Jango oublia d'écouter la suite et de retirer la main. Pendant que sa compagne jacassait, il réfléchissait pour son compte ; et comme réfléchir vous laisse l'usage de vos mains, il se servait des siennes pour palper les seins fermes et copieux de la boulangère.

Ils marchèrent jusqu'à l'obscurité, en tournant en rond pour ne pas sortir du bois.

Jango pensait à son travail du lendemain. En honnête homme, il était préoccupé par la bonne exécution de la besogne. Il faudrait qu'il prépare son matériel et ses arguments, qu'il change l'aiguille de la seringue car elle était un peu tordue. Qui sait si ce simple détail n'expliquait pas les hésitations du colonel ?… Il avait promis au petit homme plus-large-que-haut que son épouse serait expédiée en douceur et il entendait bien tenir parole.

Édith s'interrompit et regarda Jango d'un air surpris :

— Ça ne va pas ? Vous semblez tout chose.

Une inquiétude égoïste perçait dans sa voix. En forte gaillarde, douée d'un solide appétit, elle redoutait que les instants d'isolement tournassent à la rêverie. Si elle exigeait de l'éducation de ses partenaires, du moins attendait-elle d'eux des qualités physiques en rapport.

Les baisers échangés avec Jango, le matin, lui avaient paru de bon augure. Elle se mit à le surveiller en coin et son bavardage décrut considérablement.

Jango s'aperçut du changement d'attitude de sa compagne. Il en devina aisément la cause.

— Si on s'asseyait ? proposa-t-il.

Elle refusa.

— Je serai correct, promit-il.

— C'est pas pour ça… C'est à cause de la rosée…

Il l'embrassa dans le cou. Elle poussa un petit gloussement de femme chatouillée et, dans le noir, chercha sa bouche de tout son mufle. Leur baiser se prolongea. Jango se demandait comment elle s'y prenait pour respirer.

Désireux de conclure le rendez-vous galant, il adossa la brune ardente à un arbre et s'attaqua à l'honneur du boulanger.

A cet instant, une sonnerie de cor tomba des coteaux bordant la rive de la Seine.

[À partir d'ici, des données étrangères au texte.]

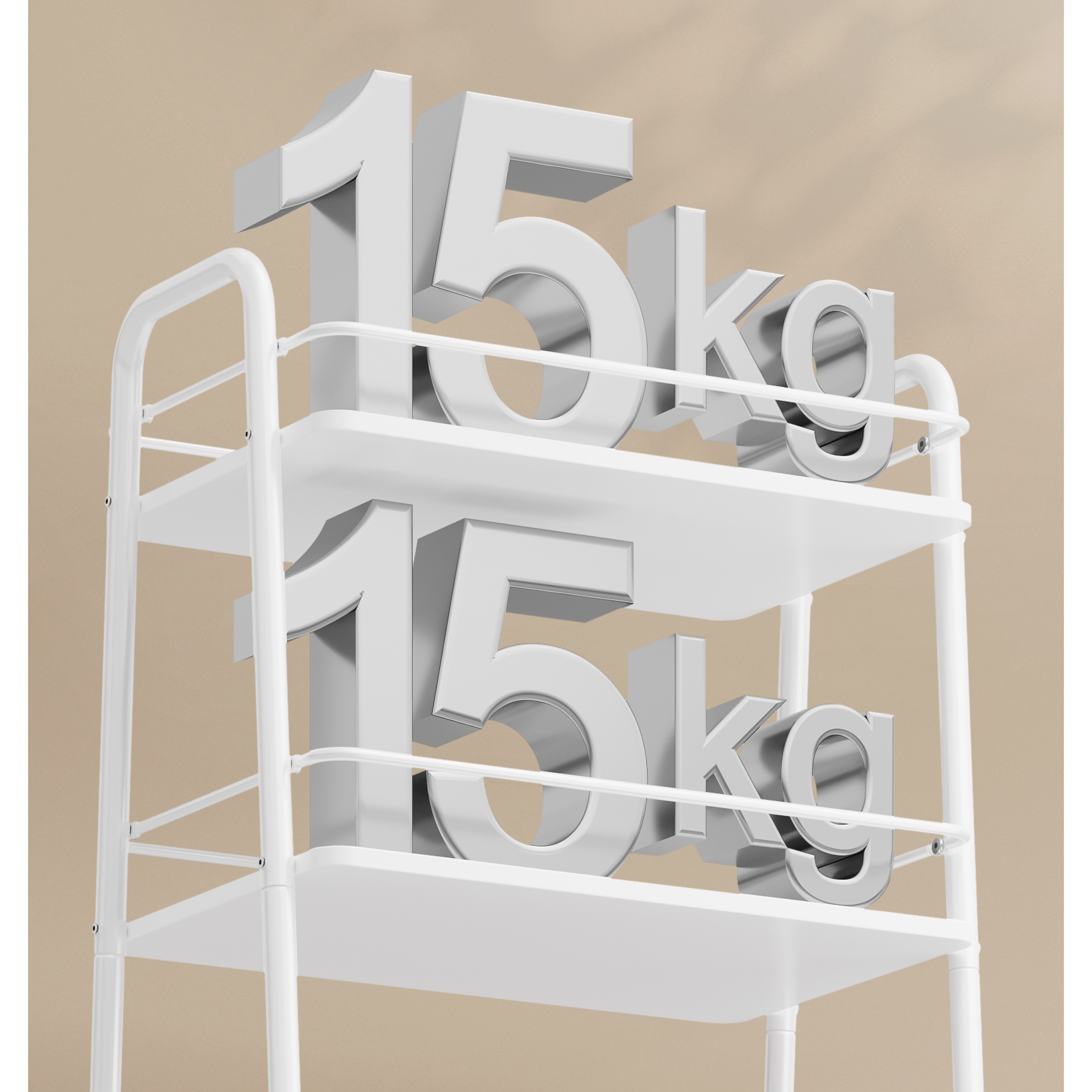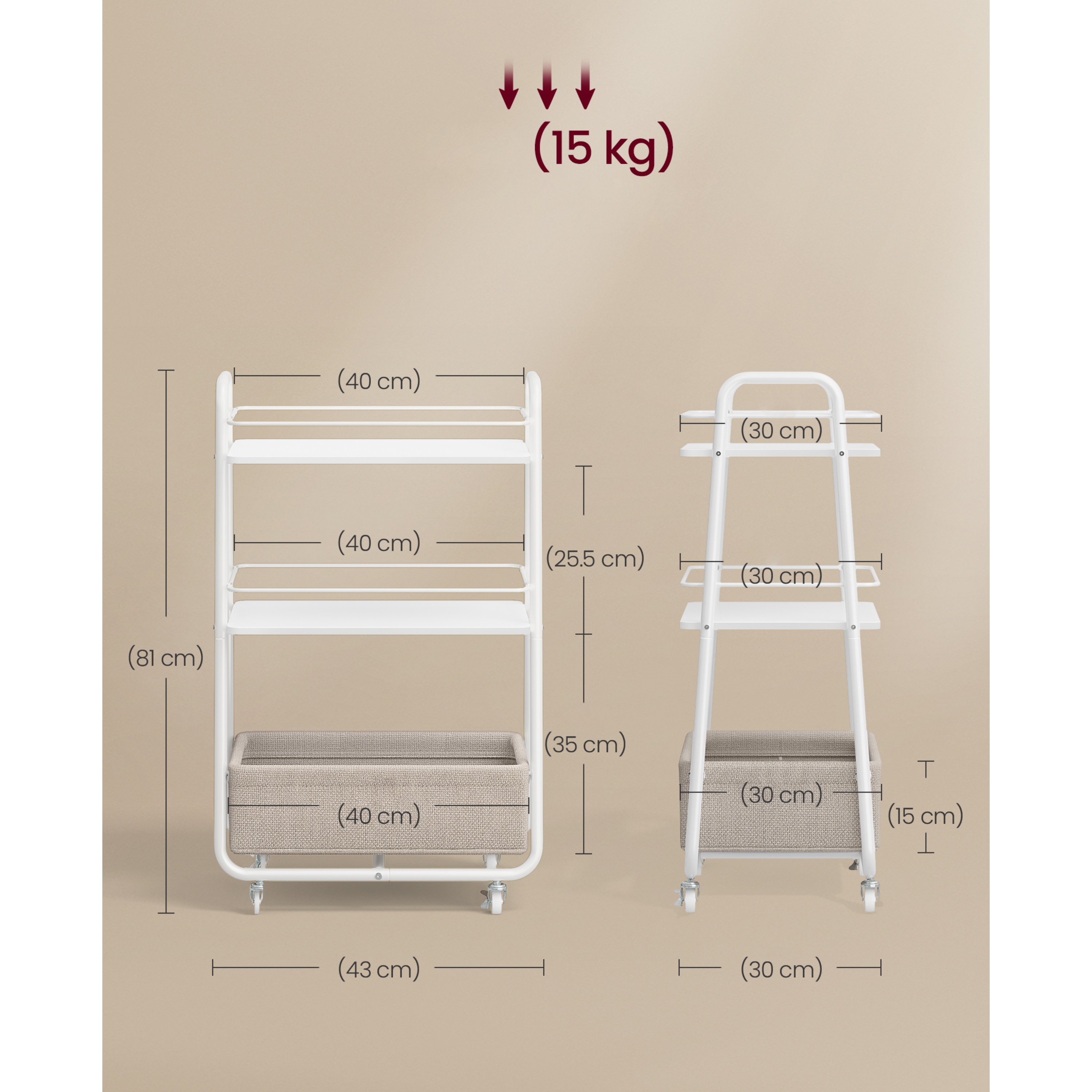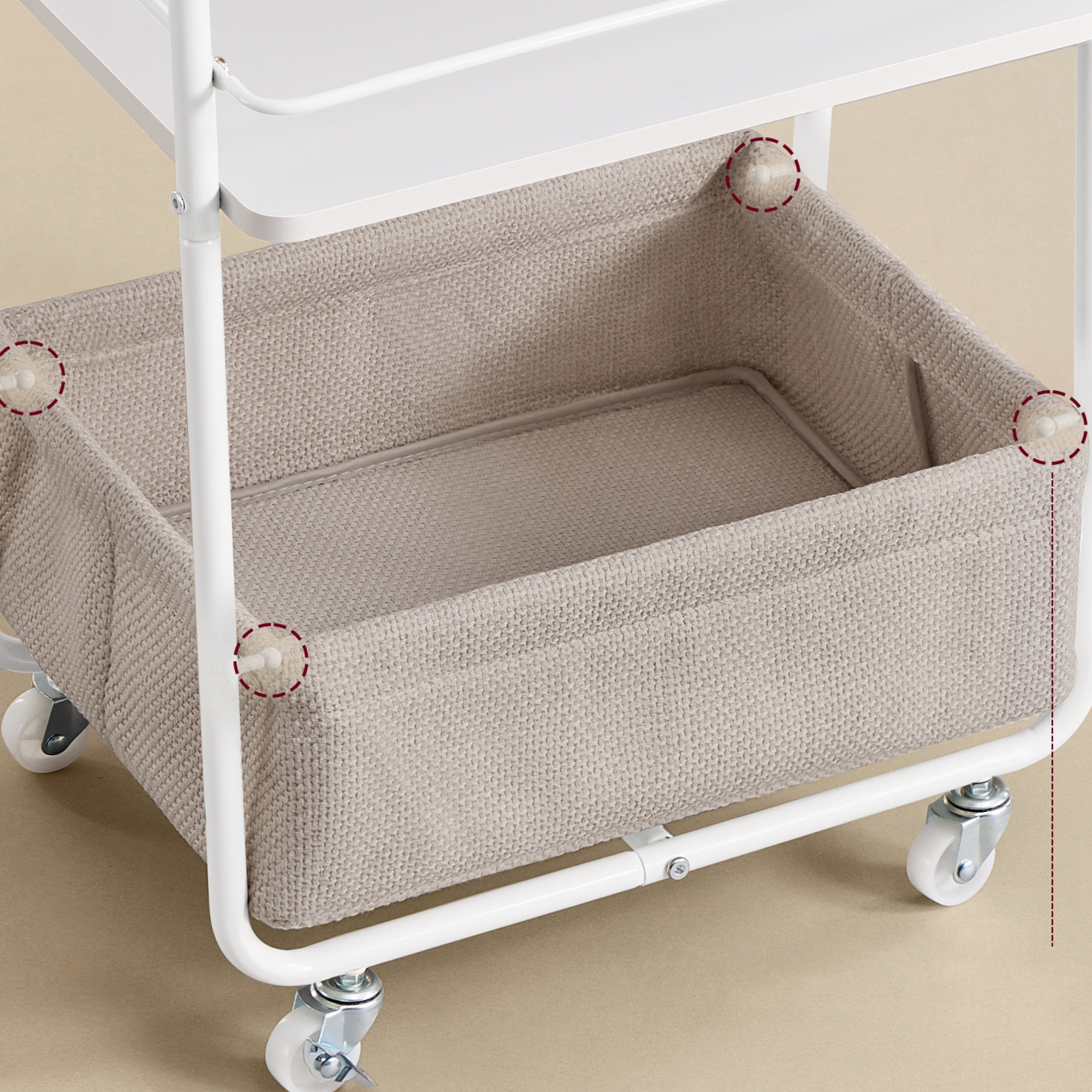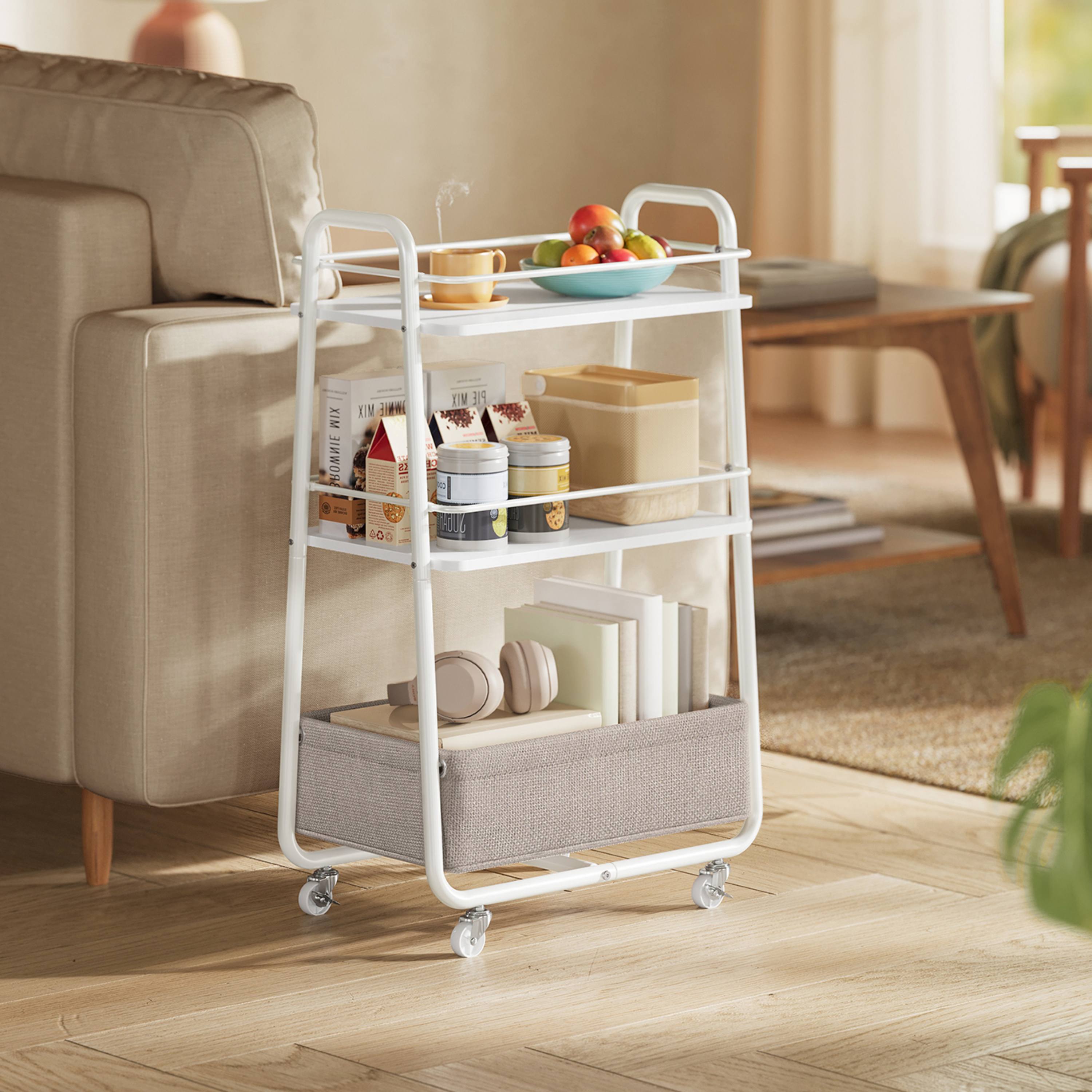 Stabilitu zabezpečuje konštrukcia z kovu. Dostatočný odkladací priestor poskytujú tri police, z toho spodná polica je textilná. Vozík disponuje praktickými kolieskami, ktoré uľahčujú manipuláciu.

— C'est mon mari qui s'exerce, murmura Édith d'une voix déjà faible.

La martiale musique communiqua à Jango l'ardeur qui lui manquait.

Il remercia mentalement la providence de le soutenir par de vaillantes et altières sonorités dans un moment somme toute difficile, et embrocha gaillardement sa partenaire contre l'arbre sur un rythme cadencé par le cor de chasse du malheureux boulanger.